• _Assignment_
Please copy out the full listing that follows exactly; no picture belongs in the copy.

• _Data block_
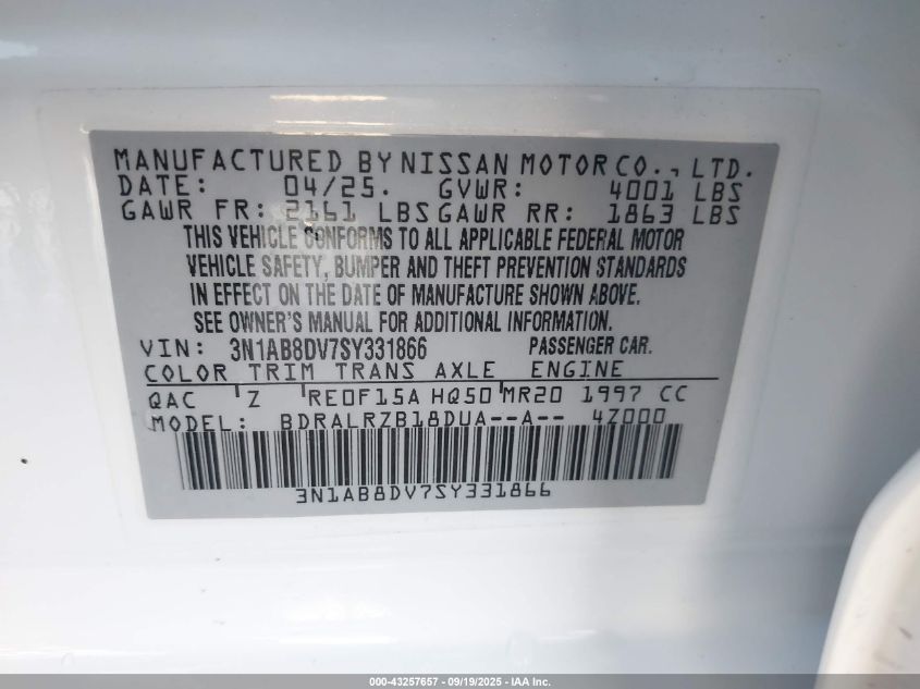 2025 NISSAN SENTRA 2025 року Бензин, 2.0, Передний привод, vin - 3N1AB8DV7SY331866 из США
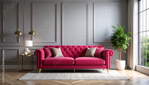 © uumm, Fototapeta premium シンプルな赤いソファ
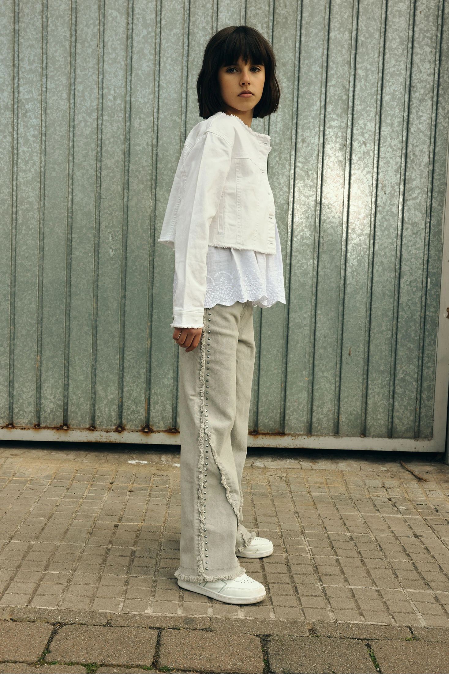 Jean gris en denim pour fille, idéal pour un look moderne et polyvalent. Confectionné dans un matériau de haute qualité, il offre durabilité et confort. Son design se distingue par des détails de rivets métalliques décoratifs et une finition effilochée aux bords, parfait pour un style décontracté chic. Disponible en tailles allant de 2 ans à 14 ans, il s'adapte à différentes tranches d'âge. Sa couleur neutre facilite les associations avec des t-shirts et pulls de styles variés. C'est une option pratique et stylée pour un usage quotidien.
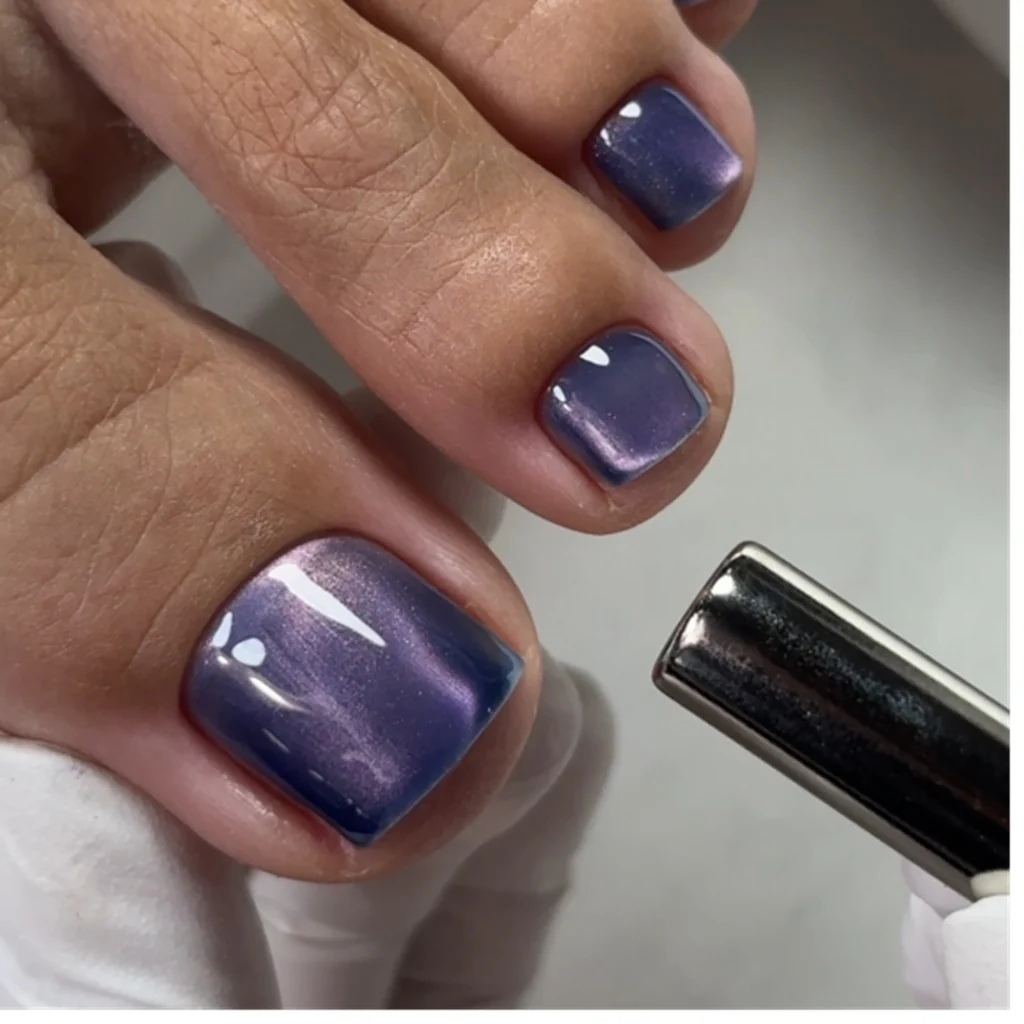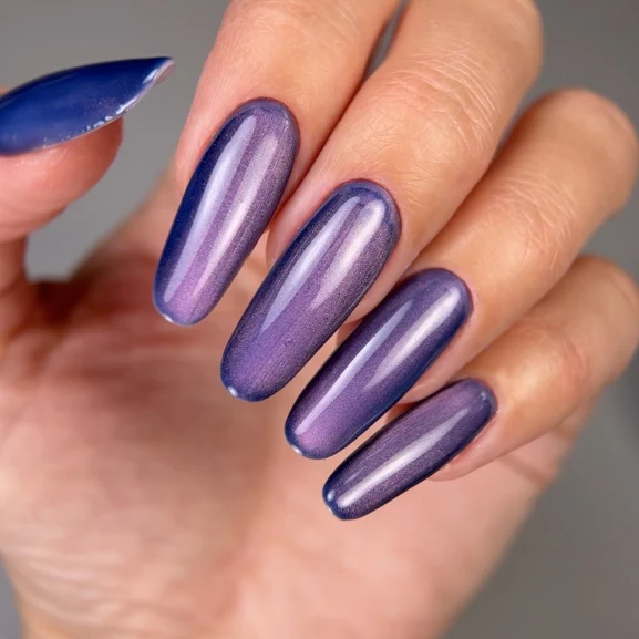 Saga Smoothie Cat Cat Eye Gel è una collezione duochrome. La tonalità può variare a seconda della posizione delle particelle metalliche all’interno della texture. La dimensione del riflesso influisce sulla tonalità dominante. Pigmenti profondi e iridescenti creano una brillantezza complessa e sfaccettata sulle unghie. Questo rende la manicure vivace, espressiva e unica a ogni movimento della mano.

• _Your solution_
 2025 NISSAN SENTRA 2025 року Бензин, 2.0, Передний привод, vin - 3N1AB8DV7SY331866 из США
 © uumm, Fototapeta premium シンプルな赤いソファ
 Jean gris en denim pour fille, idéal pour un look moderne et polyvalent. Confectionné dans un matériau de haute qualité, il offre durabilité et confort. Son design se distingue par des détails de rivets métalliques décoratifs et une finition effilochée aux bords, parfait pour un style décontracté chic. Disponible en tailles allant de 2 ans à 14 ans, il s'adapte à différentes tranches d'âge. Sa couleur neutre facilite les associations avec des t-shirts et pulls de styles variés. C'est une option pratique et stylée pour un usage quotidien.
 Saga Smoothie Cat Cat Eye Gel è una collezione duochrome. La tonalità può variare a seconda della posizione delle particelle metalliche all’interno della texture. La dimensione del riflesso influisce sulla tonalità dominante. Pigmenti profondi e iridescenti creano una brillantezza complessa e sfaccettata sulle unghie. Questo rende la manicure vivace, espressiva e unica a ogni movimento della mano.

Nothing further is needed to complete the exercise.